**WHAT THE EXERCISE ASKS**. From the records below, set down exactly the lines starting with the line that contains "และ ปลอดภัยที่สุด สู่มือผู้บริโภค" and going on through the line that contains "ユーザーマニュアル SIPLACE D4". Nothing else is wanted.

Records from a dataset

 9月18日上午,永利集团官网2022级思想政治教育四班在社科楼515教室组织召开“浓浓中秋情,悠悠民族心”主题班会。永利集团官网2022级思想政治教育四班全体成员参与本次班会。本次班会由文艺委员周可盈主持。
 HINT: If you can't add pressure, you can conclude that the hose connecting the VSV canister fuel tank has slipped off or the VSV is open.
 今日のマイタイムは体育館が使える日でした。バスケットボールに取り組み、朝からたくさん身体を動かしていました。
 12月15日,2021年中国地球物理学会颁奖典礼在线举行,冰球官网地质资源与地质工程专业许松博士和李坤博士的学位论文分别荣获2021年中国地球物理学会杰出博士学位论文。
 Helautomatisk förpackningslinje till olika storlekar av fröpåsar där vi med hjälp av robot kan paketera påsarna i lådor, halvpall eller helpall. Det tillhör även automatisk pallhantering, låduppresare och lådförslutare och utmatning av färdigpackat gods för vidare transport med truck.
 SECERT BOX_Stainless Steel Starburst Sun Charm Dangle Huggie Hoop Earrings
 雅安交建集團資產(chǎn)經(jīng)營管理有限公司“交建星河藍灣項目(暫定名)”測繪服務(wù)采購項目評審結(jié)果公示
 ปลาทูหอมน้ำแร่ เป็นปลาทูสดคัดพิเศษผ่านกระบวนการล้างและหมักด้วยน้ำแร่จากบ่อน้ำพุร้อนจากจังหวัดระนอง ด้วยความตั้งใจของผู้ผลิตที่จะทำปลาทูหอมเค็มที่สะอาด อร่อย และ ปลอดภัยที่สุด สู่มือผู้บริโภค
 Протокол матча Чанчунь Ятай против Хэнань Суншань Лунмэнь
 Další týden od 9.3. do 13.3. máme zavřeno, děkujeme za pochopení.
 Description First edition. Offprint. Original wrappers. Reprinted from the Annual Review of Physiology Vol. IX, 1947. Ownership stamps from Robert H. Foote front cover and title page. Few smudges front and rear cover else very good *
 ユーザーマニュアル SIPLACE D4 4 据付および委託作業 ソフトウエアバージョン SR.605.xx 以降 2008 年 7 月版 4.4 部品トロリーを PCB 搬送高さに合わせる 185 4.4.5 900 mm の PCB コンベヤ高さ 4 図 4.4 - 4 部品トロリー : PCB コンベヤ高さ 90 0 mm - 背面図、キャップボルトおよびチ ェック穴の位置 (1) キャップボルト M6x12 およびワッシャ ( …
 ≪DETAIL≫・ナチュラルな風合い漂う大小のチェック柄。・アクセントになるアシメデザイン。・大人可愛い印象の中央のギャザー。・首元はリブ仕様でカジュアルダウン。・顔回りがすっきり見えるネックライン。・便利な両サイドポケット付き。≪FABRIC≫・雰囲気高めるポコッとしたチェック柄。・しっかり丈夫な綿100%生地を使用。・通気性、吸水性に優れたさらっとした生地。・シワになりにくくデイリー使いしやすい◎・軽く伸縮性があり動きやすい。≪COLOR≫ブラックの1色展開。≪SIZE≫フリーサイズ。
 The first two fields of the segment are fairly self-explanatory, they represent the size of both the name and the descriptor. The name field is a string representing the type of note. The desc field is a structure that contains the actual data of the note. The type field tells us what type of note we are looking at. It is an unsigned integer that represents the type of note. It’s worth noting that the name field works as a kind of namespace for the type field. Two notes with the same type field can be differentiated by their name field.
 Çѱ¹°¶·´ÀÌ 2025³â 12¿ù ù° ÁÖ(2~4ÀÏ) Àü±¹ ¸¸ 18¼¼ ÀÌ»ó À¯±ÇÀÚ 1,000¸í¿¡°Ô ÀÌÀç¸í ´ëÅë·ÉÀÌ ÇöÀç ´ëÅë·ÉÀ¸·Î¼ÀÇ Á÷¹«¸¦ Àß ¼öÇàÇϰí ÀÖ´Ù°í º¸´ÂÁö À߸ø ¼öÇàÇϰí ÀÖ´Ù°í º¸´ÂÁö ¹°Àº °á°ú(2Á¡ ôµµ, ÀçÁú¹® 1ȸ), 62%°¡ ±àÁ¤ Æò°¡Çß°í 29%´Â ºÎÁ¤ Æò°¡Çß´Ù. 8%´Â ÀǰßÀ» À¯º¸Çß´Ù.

**REPLY TO THE EXERCISE**.
 ปลาทูหอมน้ำแร่ เป็นปลาทูสดคัดพิเศษผ่านกระบวนการล้างและหมักด้วยน้ำแร่จากบ่อน้ำพุร้อนจากจังหวัดระนอง ด้วยความตั้งใจของผู้ผลิตที่จะทำปลาทูหอมเค็มที่สะอาด อร่อย และ ปลอดภัยที่สุด สู่มือผู้บริโภค
 Протокол матча Чанчунь Ятай против Хэнань Суншань Лунмэнь
 Další týden od 9.3. do 13.3. máme zavřeno, děkujeme za pochopení.
 Description First edition. Offprint. Original wrappers. Reprinted from the Annual Review of Physiology Vol. IX, 1947. Ownership stamps from Robert H. Foote front cover and title page. Few smudges front and rear cover else very good *
 ユーザーマニュアル SIPLACE D4 4 据付および委託作業 ソフトウエアバージョン SR.605.xx 以降 2008 年 7 月版 4.4 部品トロリーを PCB 搬送高さに合わせる 185 4.4.5 900 mm の PCB コンベヤ高さ 4 図 4.4 - 4 部品トロリー : PCB コンベヤ高さ 90 0 mm - 背面図、キャップボルトおよびチ ェック穴の位置 (1) キャップボルト M6x12 およびワッシャ ( …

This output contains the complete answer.